Kedua menteri juga membahas tentang emisi zero (carbon neutral) yang ditargetkan dapat dicapai pada tahun 2050 oleh Jepang. Dengan kebijakan tersebut, Indonesia perlu menyusun roadmap untuk tujuan yang sama.
"Dalam hal ini, kami harus menggunakan strategi yang sesuai, karena selain menekan emisi karbon serendah-rendahnya, termasuk lewat program LCGC (low-cost green car) dan mengarah ke EV (electric vehicle), kami juga tetap harus jaga investasi yang sudah berjalan di Indonesia," tambah Menperin.
Dalam mengembangkan rencana tersebut maka diperlukan keterlibatan lintas kementerian dan lembaga dalam mengelola industri, khususnya otomotif. Kebijakan pemerintah Indonesia sudah berjalan, antara lain penerapan mandatory biodiesel (B30) yang juga terbukti mampu meningkatkan kesejahteraan petani kelapa sawit dan sumber energi terbaru dan terbarukan.
"Kemenperin mendorong pengelolaan industri otomotif secara bijak, namun kami sepakat dengan upaya pencapaian target carbon neutral," ucap Agus.

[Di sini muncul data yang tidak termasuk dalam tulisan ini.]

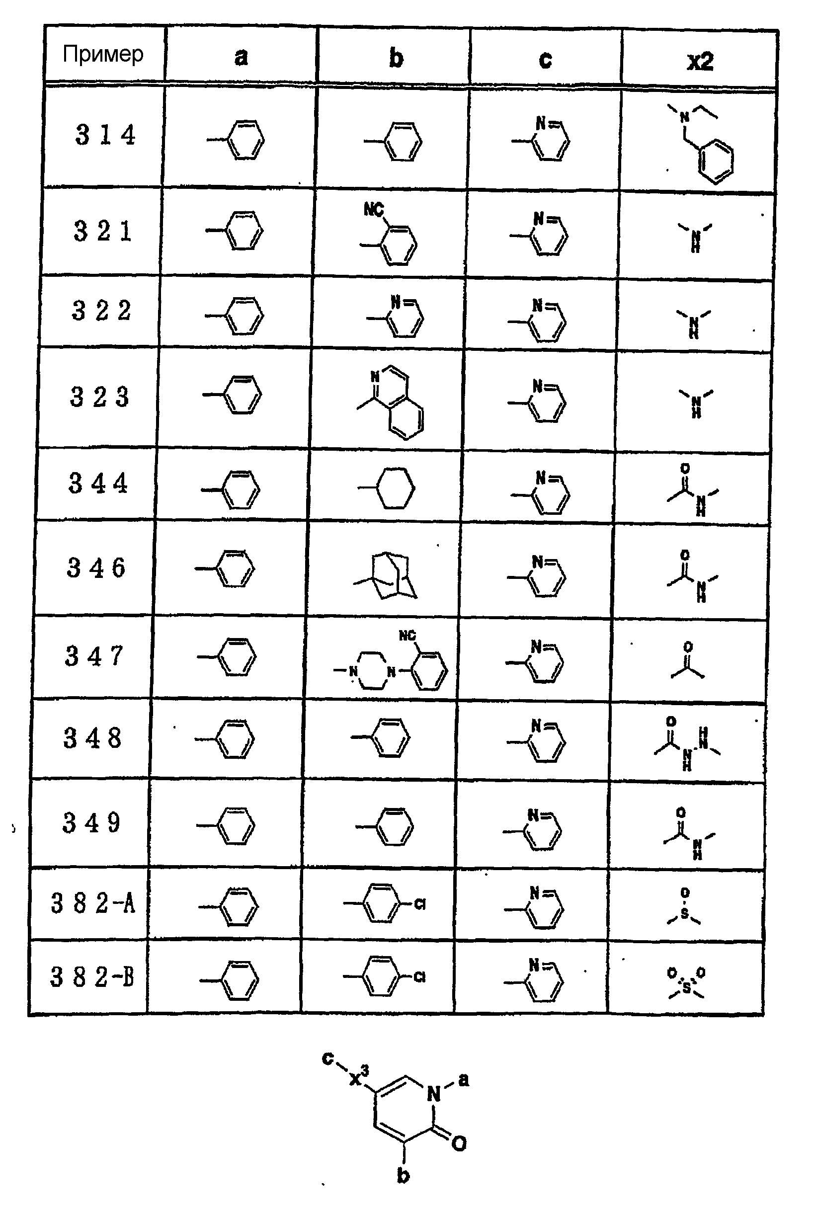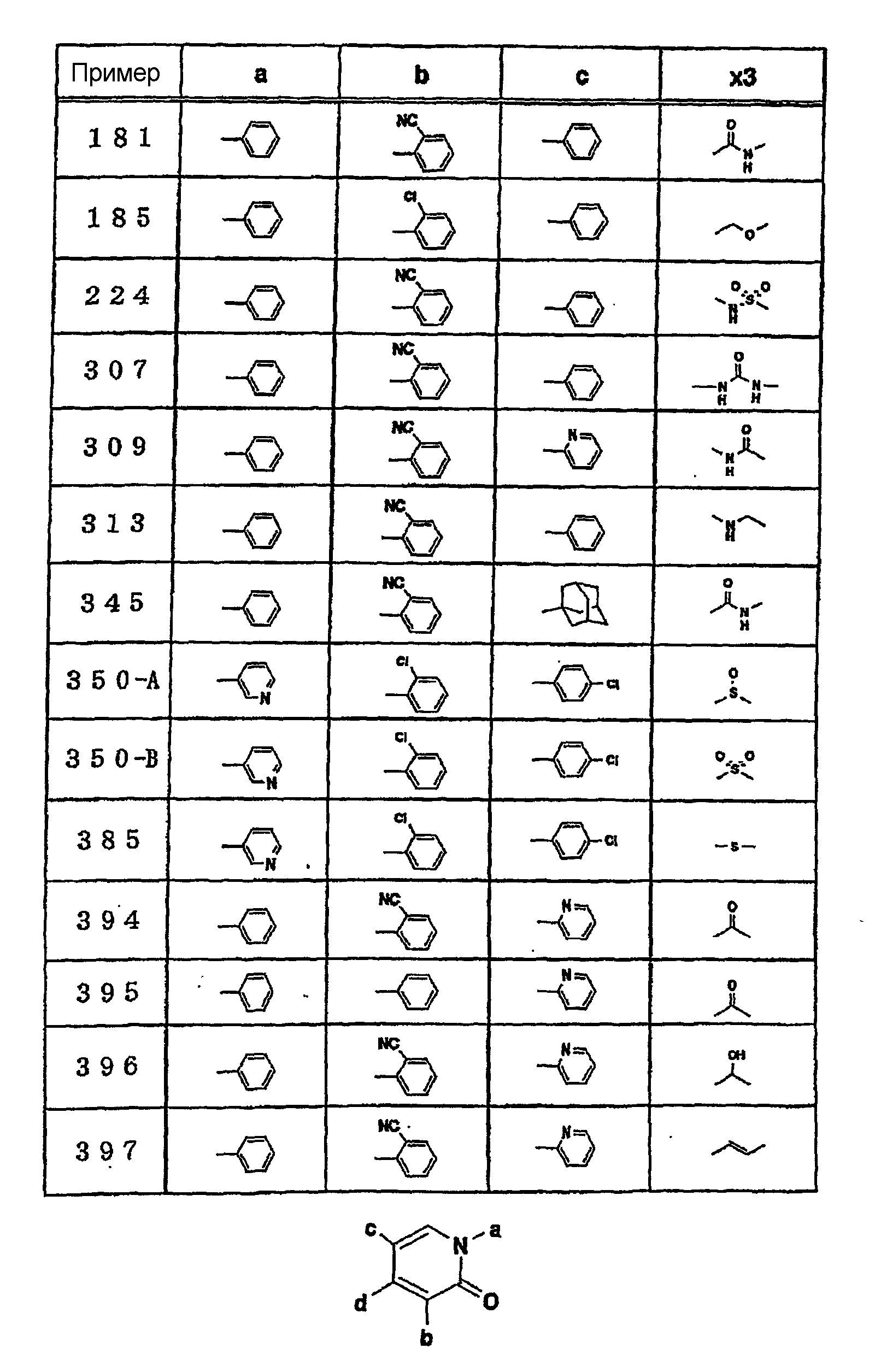 3-(2-цианофенил)-5-(2-пиридил)-1-(3-фторфенил)-1,2-дигидропиридин-2-она; 3-(2-цианофенил)-5-(2-пиридил)-1-(4-метоксифенил)-1,2-дигидропиридин-2-она; 3-(2-цианофенил)-5-(2-пиридил)-1-(3-метоксифенил)-1,2-дигидропиридин-2-она; 3-фенил-5-(2-пиридил)-1-(3-фторфенил)-1,2-дигидропиридин-2-она;
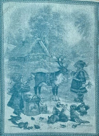 Полотенце Премиум "Девочка и олень"-бирюза 50*70 см. жаккардовое пестротканое с рождественским рисунком. Изготовлено из высококачественного хлопка по классической жаккардовой технологии. Практичное и очень нарядное.Такое полотенце украсит кухню в преддверии новогодних праздников. Очень прочное и мягкое, отлично впитывает влагу, легко стирается, долго служит.

Kesimpulan dalam pertemuan kedua menteri, Agus menyatakan Indonesia perlu menerapkan inovasi teknologi seperti yang dilakukan di Jepang. Hal ini penting untuk memelihara kontinuitas yang merupakan bagian dari upaya membangun kepercayaan investor di dalam negeri.

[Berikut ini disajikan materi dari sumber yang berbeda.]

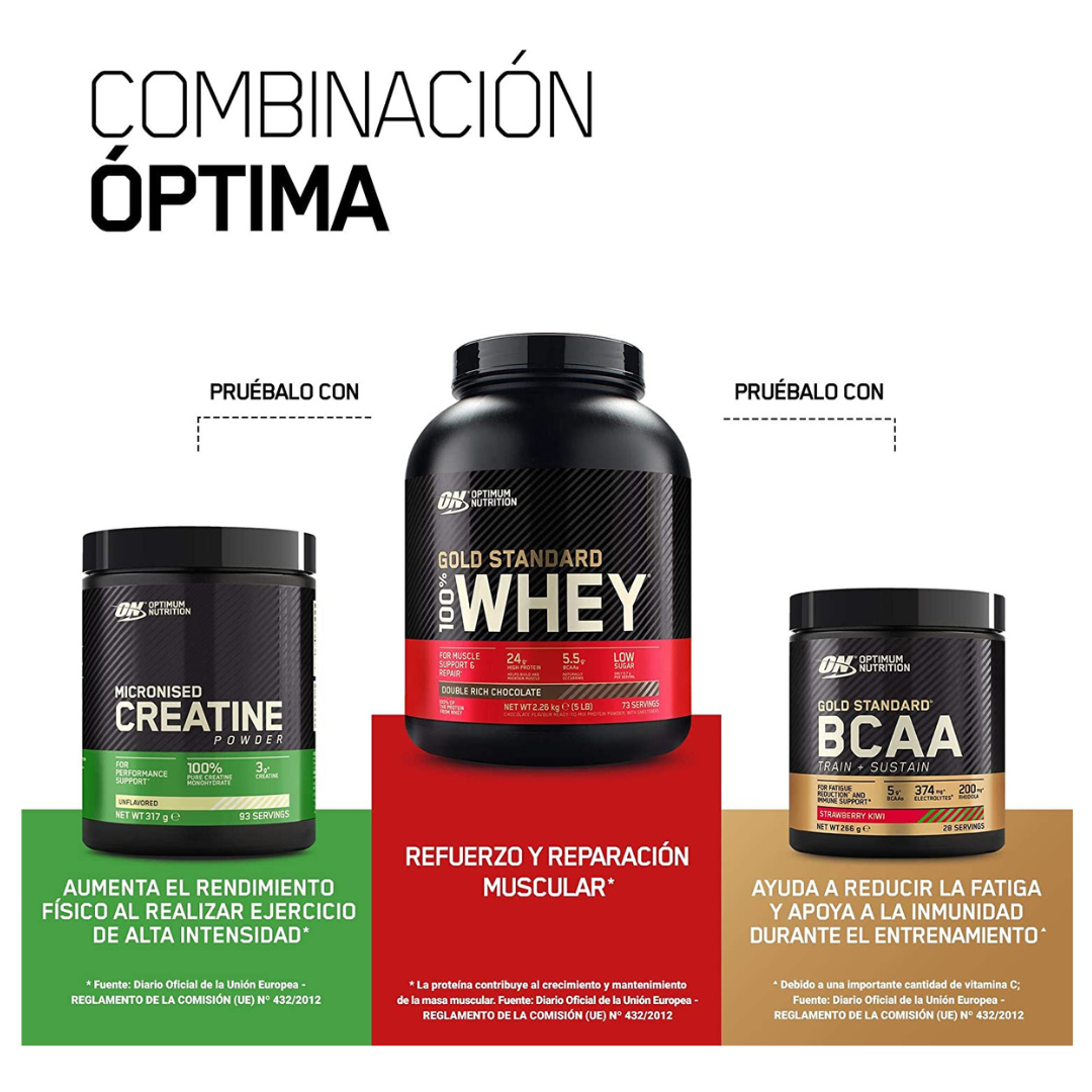Gold Standard Whey de Optimum Nutrition lleva siendo la primera opción mundial en de proteína en polvo de suero de leche* más de 20 años. Con una mejora constante de su fórmula, la versión actual de ON Gold Standard Whey es la más eficiente y ofrece la absorción más rápida hasta la fecha, gracias a que emplea la proteína de suero aislada como ingrediente clave, de modo que ayuda a conservar el músculo y a su recuperación**.

"Semoga kerja sama industri, ekonomi dapat segera bertambah erat, khususnya dalam hal program kerja sama New MIDEC," ungkapnya.
Industri Petrokimia
Dalam pertemuan itu, juga disampaikan salah satu perusahan Jepang, Sojitz Corporation, menyatakan tertarik dan akan berkolaborasi dalam proyek industri petrokimia berbasis gas di Teluk Bintuni, Papua.
Menperin menyampaikan perkembangan proyek kawasan industri petrokimia terbesar di Indonesia.
Dengan potensi sumur gas sekitar 7,9 Terracubicfeet (TCF), KI Teluk Bintuni akan menjadi kawasan industri petrokimia terbesar seluas 2.000 hektare.
"Kami meminta kepada pemerintah Jepang melalui METI agar dapat mendukung rencana tersebut, dan agar mendorong industri pionir di Jepang untuk berinvestasi pada industri soda ash, yang merupakan hilirisasi ammonia," tutur Agus.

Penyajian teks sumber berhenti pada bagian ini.